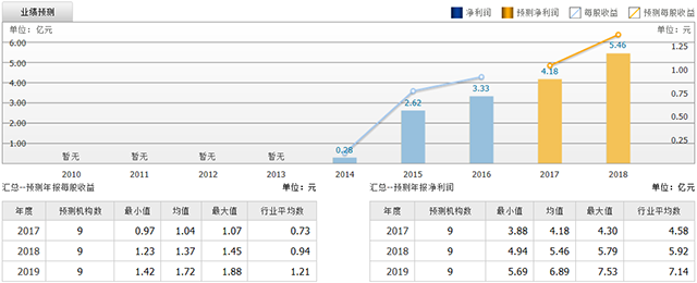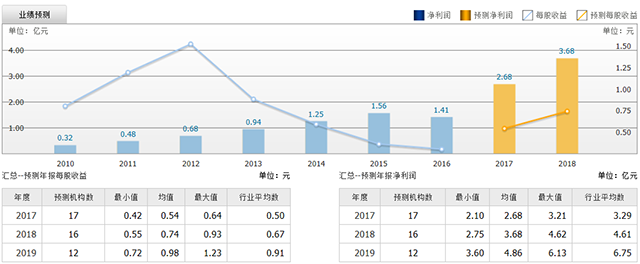 截至2017年7月17日,6個(gè)月以內(nèi)共有 17 家機(jī)構(gòu)對泰格醫(yī)藥的2017年度業(yè)績作出預(yù)測;預(yù)測2017年每股收益 0.54 元,較去年同比增長 80%,預(yù)測2017年凈利潤 2.68 億元,較去年同比增長 90.4% 。
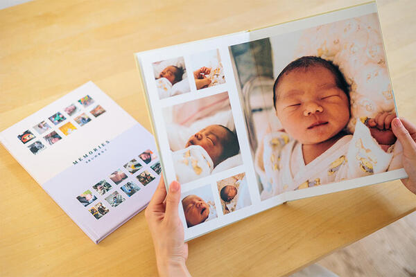 里帰り中は祖父母もふくめ、みんなバタバタ......。里帰り中に撮った写真でフォトブックをつくって贈れば、孫が生まれた喜びをじっくりかみしめるきっかけに。富士フイルムのフォトブックにはさまざまな種類があり、デザインも豊富。文字入れ機能を使えば、里帰りのお礼のメッセージも添えられます。
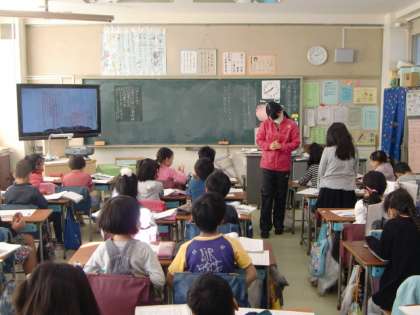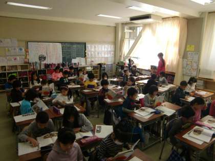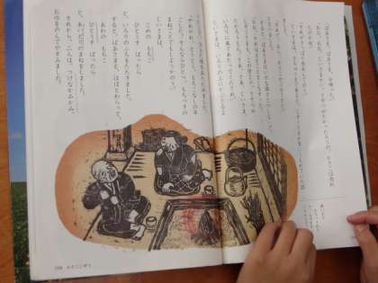 「かさこじぞう」の学習です。登場人物の気持ちを考え、発表した後は、役割に分かれて音読をしています。
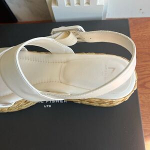 Elevate your summer style with the Marc Fisher Espadrille Sandal in a versatile white ivory hue. Crafted from premium leather, this sandal features a chic wedge heel that offers a comfortable lift, perfect for all-day wear. The adjustable ankle strap with a secure buckle closure ensures a personalized fit, while the platform design provides added comfort. Ideal for casual outings, beach days, or brunch with friends, these sandals are your go-to for any sunny occasion. New with tags, featuring the Patryce platform wedge.
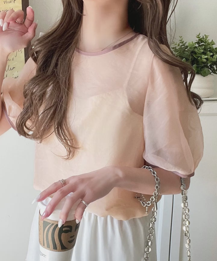 ※オーガンジートップスについて、蒸気を当てるとシワが出やすく繊細なお素材となっておりため
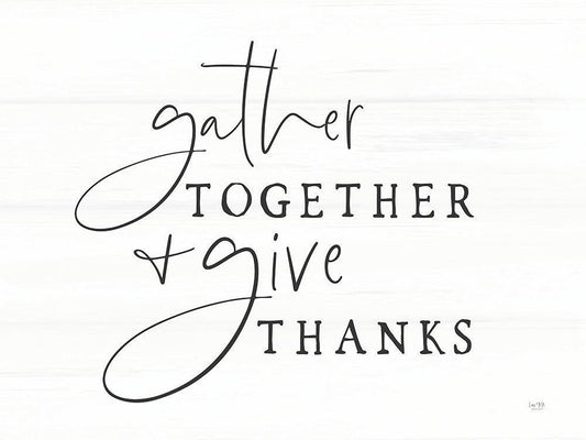 Gather Together And Give Thanks White Modern Wood Framed Art Print with Double Matting by Lux + Me Designs
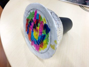 1月16日、綾部市天文館パオにおいて、地域の子どもたちを対象にしたイベント「自分だけの星空スコープを作ろう」を実施しました。「星空スコープ(写真参照)」は多摩美術大学の森脇裕之先生が監修した、プラスチック容器とトレーシングペーパー、アルミホイル等で作る「ミニプラネタリウム」。そこに各々が創作した星座を描いてもらい、それに光を当てて覗くと描いた星座が浮かび上がるというものです。それを参加者の子どもたちに作ってもらいながら、星や天文館パオに親しむ機会を作ろうというものです。
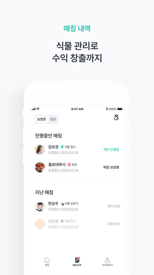 - 매칭 내역을 통해 받은 매칭들을 효율적으로 관리할 수 있어요
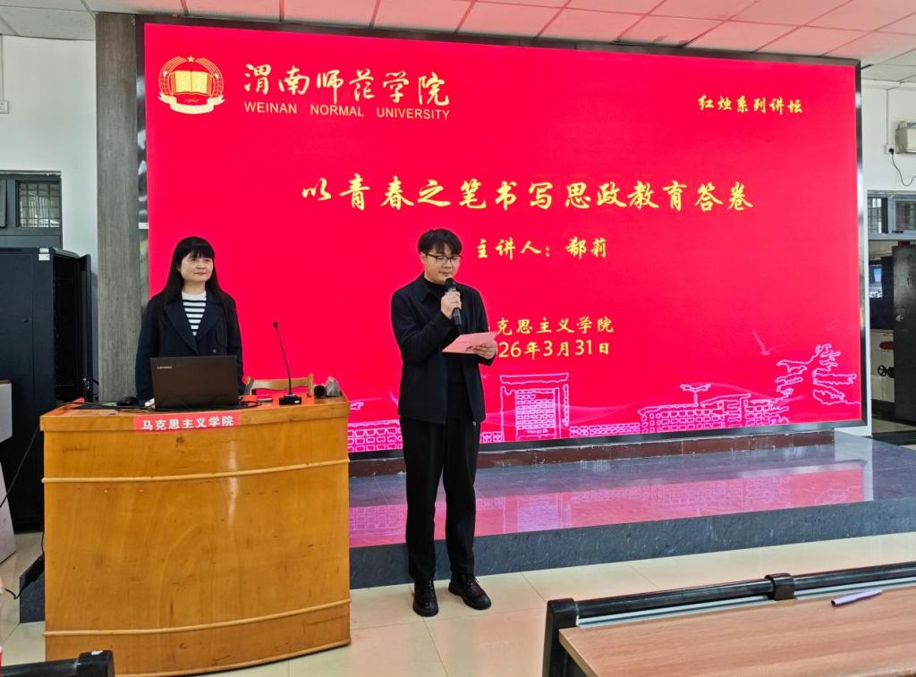 3月31日下午,马克思主义学院特邀全国模范教师、享受国务院政府特殊津贴、正高级教师、渭南小学党支部书记兼校长郗莉在1101教室作题为“以青春之笔书写思政教育答卷”的专题报告。2025级思想政治教育专业全体学生参加。报告由思想政治教育专业负责人周韶尉主持。

What the task asks - Write every entry out again exactly, images omitted.

Response to the task -
 截至2017年7月17日,6個(gè)月以內(nèi)共有 17 家機(jī)構(gòu)對泰格醫(yī)藥的2017年度業(yè)績作出預(yù)測;預(yù)測2017年每股收益 0.54 元,較去年同比增長 80%,預(yù)測2017年凈利潤 2.68 億元,較去年同比增長 90.4% 。
 里帰り中は祖父母もふくめ、みんなバタバタ......。里帰り中に撮った写真でフォトブックをつくって贈れば、孫が生まれた喜びをじっくりかみしめるきっかけに。富士フイルムのフォトブックにはさまざまな種類があり、デザインも豊富。文字入れ機能を使えば、里帰りのお礼のメッセージも添えられます。
 「かさこじぞう」の学習です。登場人物の気持ちを考え、発表した後は、役割に分かれて音読をしています。
 Elevate your summer style with the Marc Fisher Espadrille Sandal in a versatile white ivory hue. Crafted from premium leather, this sandal features a chic wedge heel that offers a comfortable lift, perfect for all-day wear. The adjustable ankle strap with a secure buckle closure ensures a personalized fit, while the platform design provides added comfort. Ideal for casual outings, beach days, or brunch with friends, these sandals are your go-to for any sunny occasion. New with tags, featuring the Patryce platform wedge.
 ※オーガンジートップスについて、蒸気を当てるとシワが出やすく繊細なお素材となっておりため
 Gather Together And Give Thanks White Modern Wood Framed Art Print with Double Matting by Lux + Me Designs
 1月16日、綾部市天文館パオにおいて、地域の子どもたちを対象にしたイベント「自分だけの星空スコープを作ろう」を実施しました。「星空スコープ(写真参照)」は多摩美術大学の森脇裕之先生が監修した、プラスチック容器とトレーシングペーパー、アルミホイル等で作る「ミニプラネタリウム」。そこに各々が創作した星座を描いてもらい、それに光を当てて覗くと描いた星座が浮かび上がるというものです。それを参加者の子どもたちに作ってもらいながら、星や天文館パオに親しむ機会を作ろうというものです。
 - 매칭 내역을 통해 받은 매칭들을 효율적으로 관리할 수 있어요
 3月31日下午,马克思主义学院特邀全国模范教师、享受国务院政府特殊津贴、正高级教师、渭南小学党支部书记兼校长郗莉在1101教室作题为“以青春之笔书写思政教育答卷”的专题报告。2025级思想政治教育专业全体学生参加。报告由思想政治教育专业负责人周韶尉主持。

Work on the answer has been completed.